L’assassino dell’acquedotto

Cari Tutti,

lo so, lo so, vi avevo detto che avrei scritto presto la seconda parte dell’articolo sulla decapitazione, e vi prometto che lo farò, solo che nel frattempo sono andato fuori città per lavoro, ho messo le mani su un videogiuoco di quand’ero pargolo a cui non giocavo da oltre trent’anni… Eppoi, ho scoperto e studiato quest’altra notizia, di cui mi va di parlarvi oggi. Ma in fondo, come vedrete, non è che ci allontaniamo di troppo dall’argomento.
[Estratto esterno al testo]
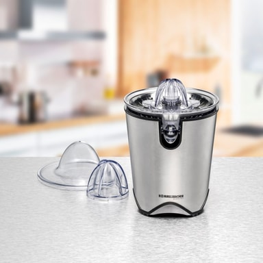 Silen i rostfritt stål är avtagbar och kan rengöras i diskmaskinen tillsammans med presskoner, juiceuppsamlare och dammskydd. Färskpressad juice bör inte saknas på något frukostbord.
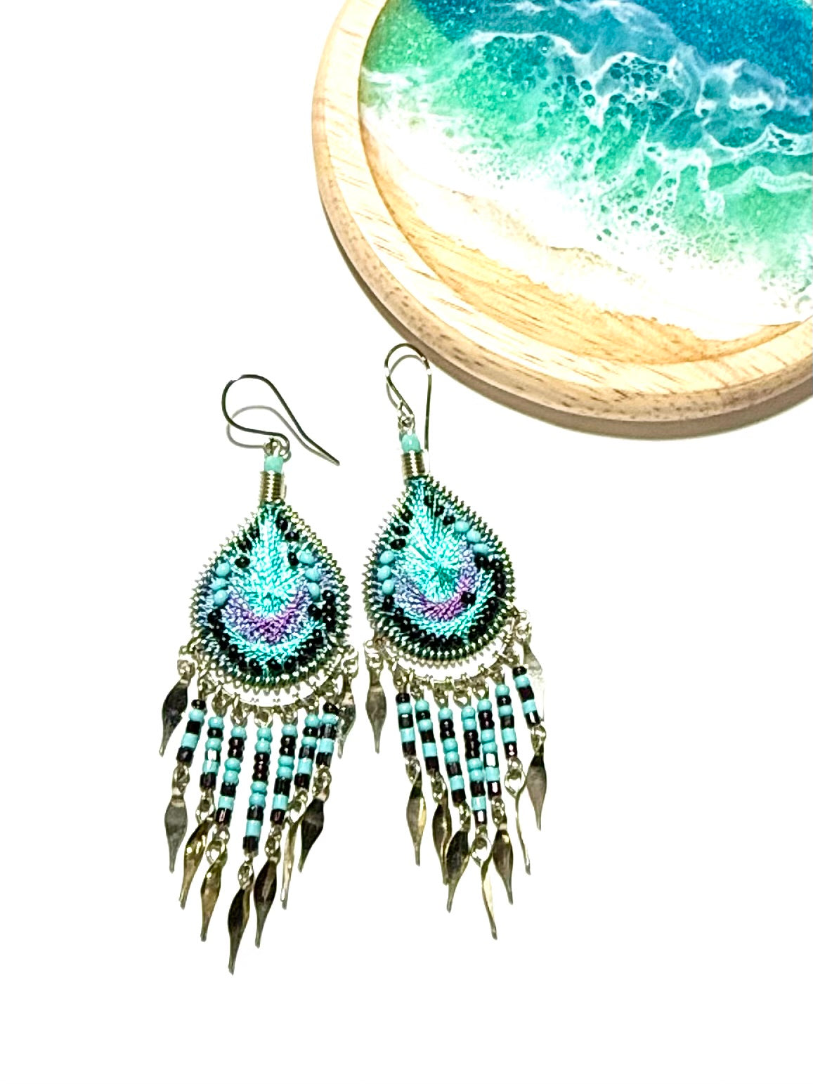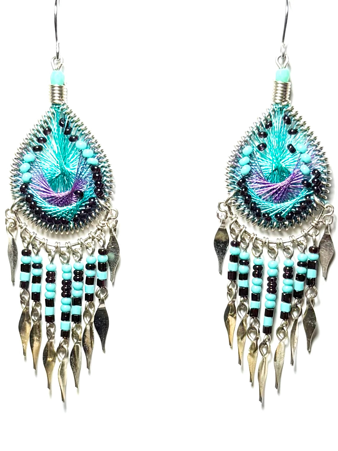 アメリカのハンドメイドジュエリー”マチュピチュジュエリー”のグラデーションがきれいなマーメイドシリーズピアス。様々な色の糸が細かくかかった中にビーズが編み込まれ、すそがシャラシャラと揺れるダングルピアス。ペルーの職人さんの手でひとつひとつ丁寧に作られています。

Se vi chiedessi chi è stato il piú grande omicida seriale dell’Ottocento, probabilmente rispondereste in coro: Jack lo Squartatore. Ecco, no, vi devo correggere. Jack ha goduto di una fama immeritatamente grande perché all’epoca la stampa londinese gli ha dedicato tante attenzioni, successivamente amplificate dal cinema e quant’altro, ma in confronto all’individuo di cui vi parlo oggi, era proprio un pivello.

(Intendiamoci: volevo essere ironico. Non vorrei in alcun modo che sospettaste che secondo me ammazzare sei prostitute sia roba da poco).
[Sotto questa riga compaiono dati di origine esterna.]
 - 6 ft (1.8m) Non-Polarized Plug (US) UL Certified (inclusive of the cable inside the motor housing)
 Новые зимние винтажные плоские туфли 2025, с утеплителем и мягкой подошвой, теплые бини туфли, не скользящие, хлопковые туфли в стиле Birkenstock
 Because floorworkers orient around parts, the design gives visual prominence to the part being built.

Ebbene, vi parlerò del primo serial killer della storia moderna del Portogallo. Diogo Alves, classe 1810, a dire il vero portoghese non era: era venuto alla luce nella confinante Spagna, ma quando aveva diciannove anni la famiglia lo mandò a lavorare a Lisbona. Nella capitale lusitana, Diogo pare si comportasse in maniera irrequieta: perdeva spesso il lavoro, frequentava bettole, beveva, giocava d’azzardo, litigava… Un poco di buono, insomma. Finché un bel giorno conobbe l’ostessa Maria Gertrudes, per gli amici “Parreirinha”, separata dal marito e con due figli da sfamare. Se ora state immaginando una storia di redenzione, in cui Diogo e Gertrudes si innamorano e ognuno dei due mette in riga l’altro, che finisce cólle parole “e tutti vissero felici e contenti”, vi state sbagliando di grossa.

Gertrudes in effetti divenne la sua amante, ma anziché, chessò, prenderlo a lavorare nella sua bottega o cercare di addolcire i suoi istinti aggressivi, lo indusse a intraprendere una brillante carriera criminale. A Lisbona v’è un pittoresco acquedotto, detto di Àguas Livres, che oltre a fungere da tubazione per l’acqua, sulla sommità è calpestabile e costituisce un ponte, nel punto piú alto raggiunge l’altezza di 65 metri.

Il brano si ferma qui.